8.1.6 Improve the resizing of the Backpack Quotient Filter

Participants: Nicolas Buchin, Victor Levallois, Pierre Peterlongo.

The BQF, presented section 8.1.5 is dynamic in nature, allowing for the addition of new items at any time. Upon reaching saturation of the structure, its capacity can be doubled. However, in the initial version of the BQF, this operation was not optimized, offering opportunities for improvements. In the work 33 presented at seqBIM2024, we proposed a novel algorithm that optimizes the resizing operation of the BQF data structure. The approach capitalizes on precomputed metadata. This makes it possible to efficiently determine the location of previously inserted values in the new resized structure. This drastically limits the number of steps required during this resizing operation, thus limiting the computation time, and also limiting the memory impact. The results show that this new approach enables one to gain a factor 4× to 8× in term of computation time. Notably, these tests have shown that the proposed enhancements enable to gain a factor 10 in terms of memory usage. It should be noted that this algorithm is not limited to the BQF, but can also be adapted to the Rank and Select Quotient Filter 57 and its variations, including the Counting Quotient Filter.

8.1.7 Back to sequences: Find the origin of k-mers

Participants: Pierre Peterlongo.

A vast majority of bioinformatics tools dedicated to the treatment of raw sequencing data heavily use the concept of k-mers. This enables us to reduce the redundancy of data (and thus the memory pressure), to discard sequencing errors, and to dispose of objects of fixed size that can be easily manipulated and compared to each other. A drawback is that the link between each k-mer and the original set of sequences to which it belongs is lost. Given the volume of data considered in this context, recovering this association is costly. In the work published in JOSS 13, we presented “back to sequences”, a simple tool designed to index a set of k-mers of interest and to stream a set of sequences, extracting those containing at least one of the indexed k-mer. In addition, the occurrence positions of k-mers in the sequences can be provided. Our results show that “back to sequence” streams 200 short reads per millisecond, allowing us to search k-mers in hundreds of millions of reads in a matter of a few minutes.

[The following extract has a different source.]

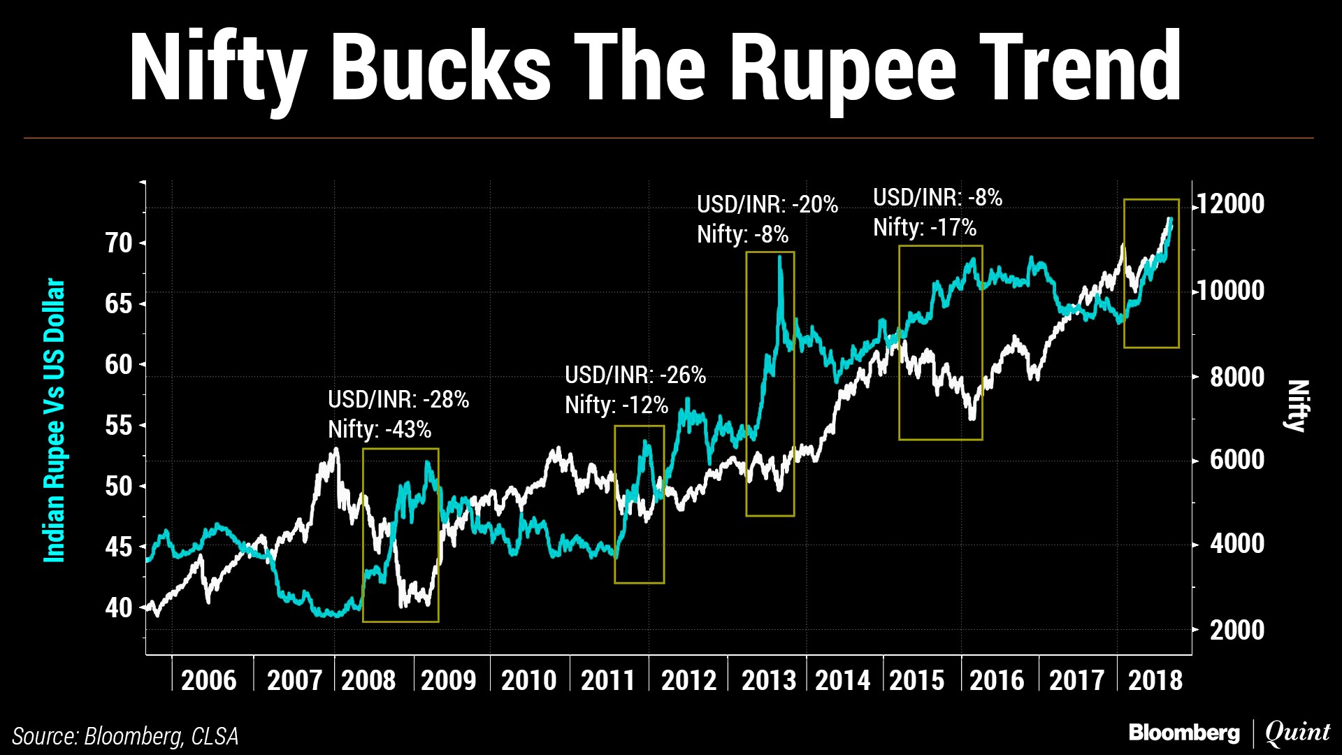 • August 2011-June 2012: Rupee depreciated 26 percent; Nifty lost 12 percent.

8.1.8 Indexing and real-time user-friendly queries in terabyte-sized complex genomic datasets with kmindex and ORA.

Participants: Pierre Peterlongo.

Public sequencing databases contain vast amounts of biological information, yet they are largely underutilized as it is challenging to efficiently search them for any sequence(s) of interest. We presented kmindex, published in Nature Computation Science 21, an approach that can index thousands of metagenomes and perform sequence searches in a fraction of a second. The index construction is an order of magnitude faster than previous methods, while search times are two orders of magnitude faster. With negligible false positive rates below 0.01%, kmindex outperforms the precision of existing approaches by four orders of magnitude. In this work, we also demonstrated the scalability of kmindex by successfully indexing 1,393 marine seawater metagenome samples from the Tara Oceans project. Additionally, we introduce the publicly accessible web server Ocean Read Atlas, which enables real-time queries on the Tara Oceans dataset.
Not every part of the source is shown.